Flask Backend: Handles HTTP requests and interfaces with the Whisper model
Whisper Model: Processes audio and generates transcriptions
Web Frontend: Provides an interface for recording audio and displaying results
Audio Processing: Records, processes, and sends audio to the backend

Let's create each component step by step.

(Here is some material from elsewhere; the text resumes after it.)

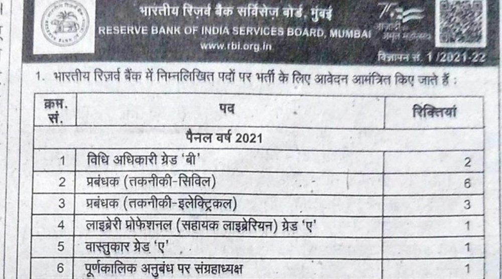आधिकारिक सूचना के अनुसार, रिजर्व बैंक ऑफ इंडिया में स्पेशलिस्ट ऑफिसर के कुल 14 रिक्त पदों पर भर्ती की जाएगी। जिसमें, लॉ ऑफिसर ग्रेड बी के 2 पद, मैनेजर (टेक्निकल-सिविल) के 6 पद, मैनेजर (टेक्निकल-इलेक्ट्रिकल) के 3 पद, लाइब्रेरी प्रोफेशनल (असिस्टेंट लाइब्रेरियन) ग्रेड ए के 1 पद, आर्किटेक्ट ग्रेड ए के 1 पद और फुल टाइम क्यूरेटर के 1 पद पर भर्ती की जाएगी। अधिक जानकारी के लिए उम्मीदवार यहां और बैंक की आधिकारिक वेबसाइट पर चेक करते रहें।

Building the Flask Backend (app.py)

First, let's create our main application file:

# app.py
import os
import tempfile
from flask import Flask, render_template, request, jsonify
import whisper
import numpy as np

app = Flask(__name__)

# Load the Whisper model (using the "base" model for balance of accuracy and speed)
model = whisper.load_model("base")

@app.route('/')
def index():
    return render_template('index.html')

@app.route('/transcribe', methods=['POST'])
def transcribe():
    if 'audio' not in request.files:
        return jsonify({'error': 'No audio file provided'}), 400

    # Get the audio file from the request
    audio_file = request.files['audio']

    # Create a temporary file to store the audio
    with tempfile.NamedTemporaryFile(delete=False, suffix='.wav') as temp_audio:
        audio_file.save(temp_audio.name)
        temp_audio_path = temp_audio.name

    try:
        # Transcribe the audio using Whisper
        result = model.transcribe(temp_audio_path)
        transcription = result['text']

        # Return the transcription
        return jsonify({'transcription': transcription})
    except Exception as e:
        return jsonify({'error': str(e)}), 500
    finally:
        # Clean up the temporary file
        os.unlink(temp_audio_path)

if __name__ == '__main__':
    app.run(debug=True)

This code does the following:

Imports necessary libraries
Creates a Flask application
Loads the Whisper model
Defines a route for the main page
Creates an API endpoint (/transcribe) that accepts audio files and returns transcriptions
Handles file saving, transcription, and cleanup

Creating the HTML Template (templates/index.html)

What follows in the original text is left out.